▸ **WHAT TO PRODUCE**
From the line containing "Name: Clavaria fumosa" to the line containing "Cozy up this" in the entries below, reproduce every line exactly, ends included. Nothing else belongs in the copy, and no pictures.

▸ **RECORDS PROVIDED**
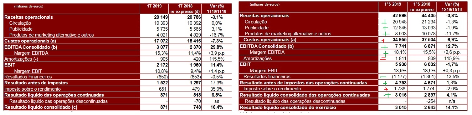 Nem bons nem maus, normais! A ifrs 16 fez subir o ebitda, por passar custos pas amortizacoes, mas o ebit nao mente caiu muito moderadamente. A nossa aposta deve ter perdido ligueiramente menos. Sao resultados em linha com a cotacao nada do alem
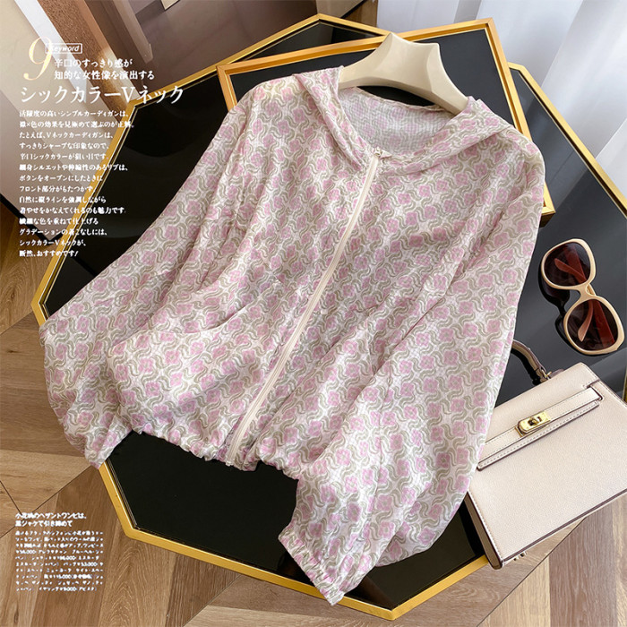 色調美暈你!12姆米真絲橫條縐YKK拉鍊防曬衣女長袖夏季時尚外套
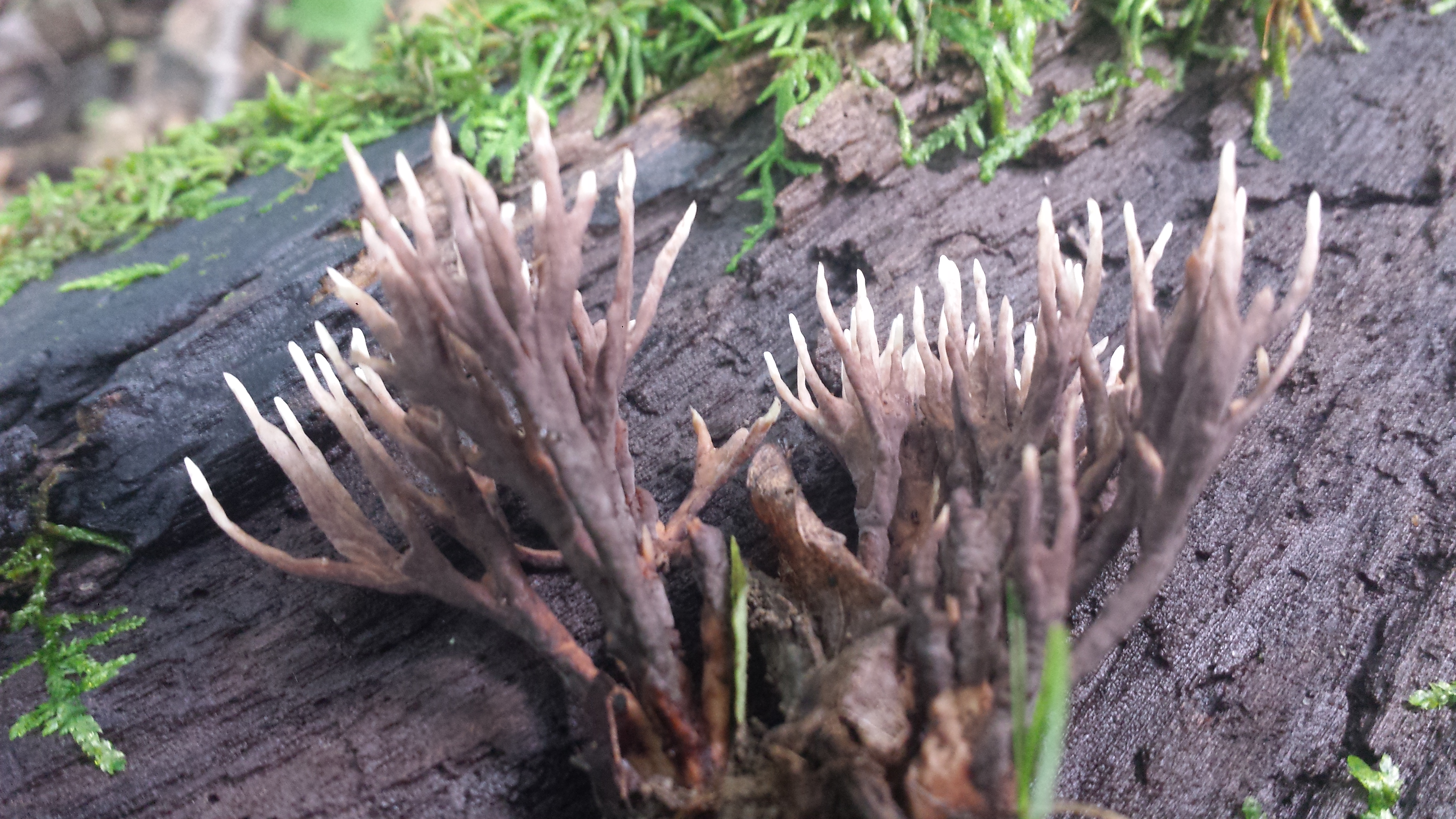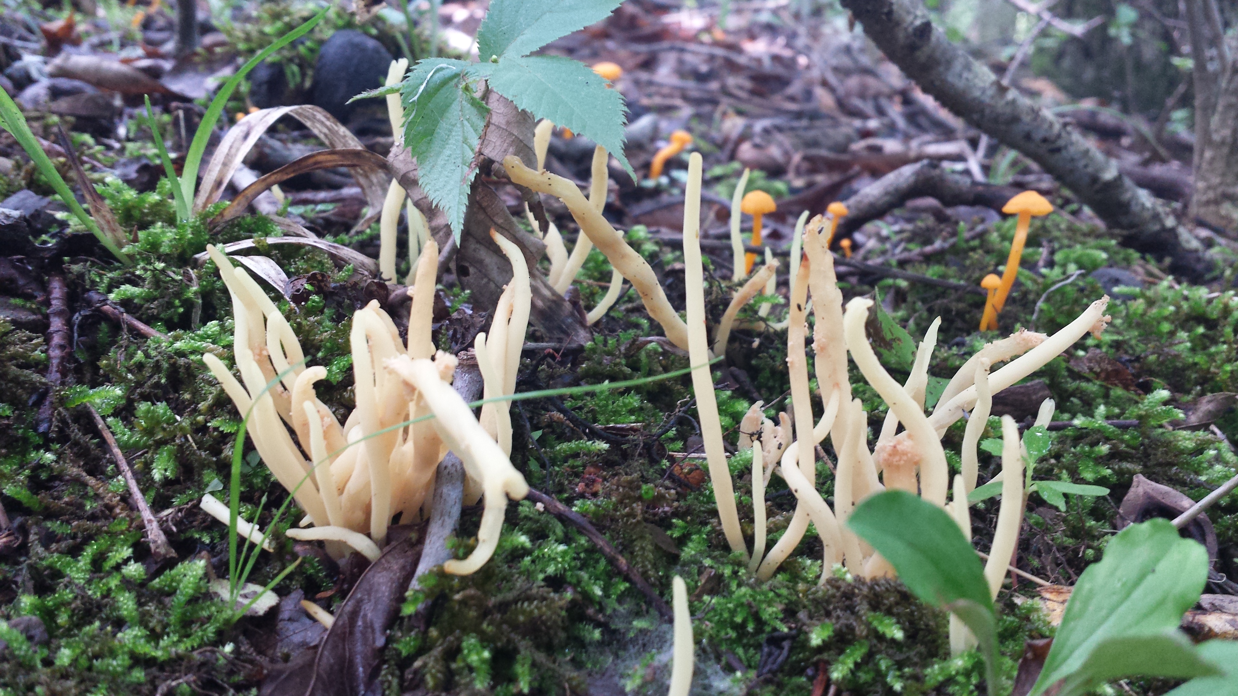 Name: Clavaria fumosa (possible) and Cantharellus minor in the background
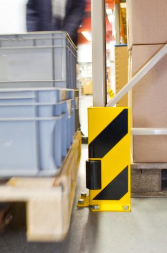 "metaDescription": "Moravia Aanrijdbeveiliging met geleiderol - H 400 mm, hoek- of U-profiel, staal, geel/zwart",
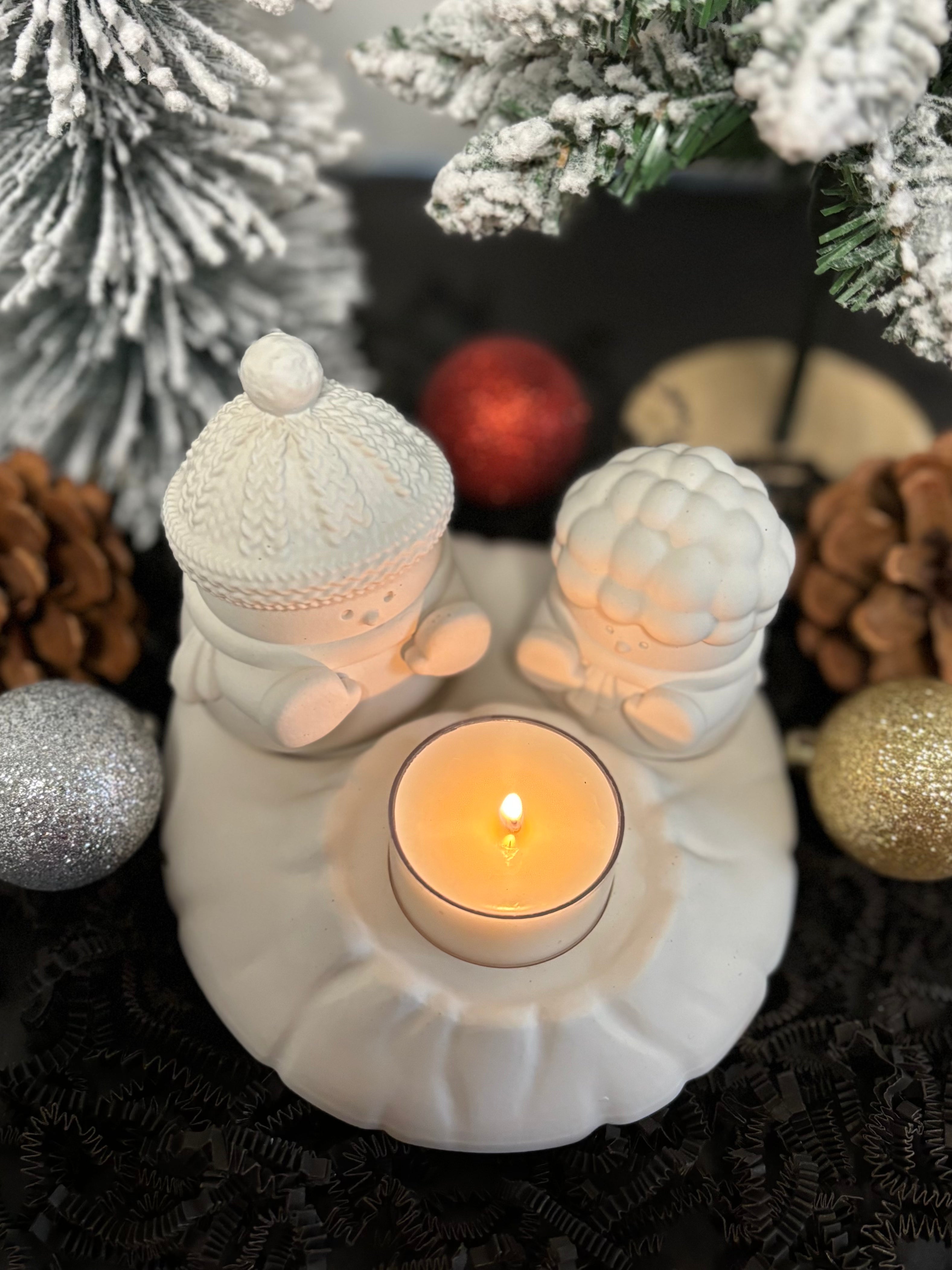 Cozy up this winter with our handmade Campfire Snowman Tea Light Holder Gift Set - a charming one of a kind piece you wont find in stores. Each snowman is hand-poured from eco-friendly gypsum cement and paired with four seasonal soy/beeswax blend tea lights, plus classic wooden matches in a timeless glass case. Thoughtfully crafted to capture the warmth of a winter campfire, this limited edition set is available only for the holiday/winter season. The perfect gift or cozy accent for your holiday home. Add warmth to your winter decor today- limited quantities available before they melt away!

* * *

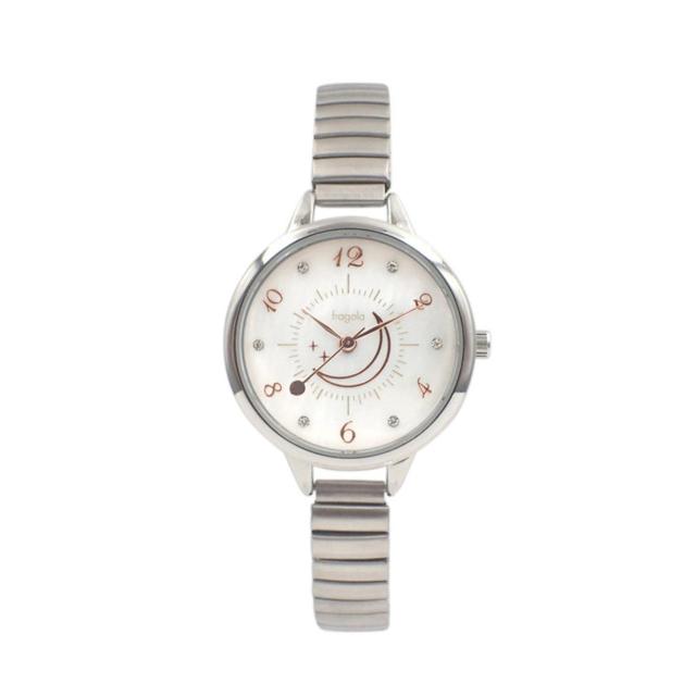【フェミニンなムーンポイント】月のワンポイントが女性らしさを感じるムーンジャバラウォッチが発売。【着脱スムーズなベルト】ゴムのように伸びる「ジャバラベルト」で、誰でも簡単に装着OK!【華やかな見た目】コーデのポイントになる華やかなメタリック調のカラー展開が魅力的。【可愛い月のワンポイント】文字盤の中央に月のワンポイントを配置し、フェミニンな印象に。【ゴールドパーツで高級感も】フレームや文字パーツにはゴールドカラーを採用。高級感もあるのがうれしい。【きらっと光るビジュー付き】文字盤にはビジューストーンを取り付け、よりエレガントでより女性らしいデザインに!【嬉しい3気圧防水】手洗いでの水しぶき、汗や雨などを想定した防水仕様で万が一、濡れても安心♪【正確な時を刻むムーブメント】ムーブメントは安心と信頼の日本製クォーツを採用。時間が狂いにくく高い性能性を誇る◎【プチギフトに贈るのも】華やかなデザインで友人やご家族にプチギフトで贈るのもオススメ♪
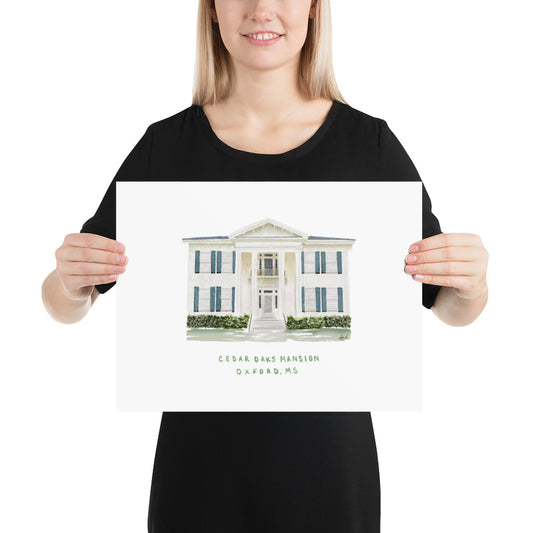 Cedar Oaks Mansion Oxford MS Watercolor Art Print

▸ **EXERCISE ANSWER**
 Name: Clavaria fumosa (possible) and Cantharellus minor in the background
 "metaDescription": "Moravia Aanrijdbeveiliging met geleiderol - H 400 mm, hoek- of U-profiel, staal, geel/zwart",
 Cozy up this winter with our handmade Campfire Snowman Tea Light Holder Gift Set - a charming one of a kind piece you wont find in stores. Each snowman is hand-poured from eco-friendly gypsum cement and paired with four seasonal soy/beeswax blend tea lights, plus classic wooden matches in a timeless glass case. Thoughtfully crafted to capture the warmth of a winter campfire, this limited edition set is available only for the holiday/winter season. The perfect gift or cozy accent for your holiday home. Add warmth to your winter decor today- limited quantities available before they melt away!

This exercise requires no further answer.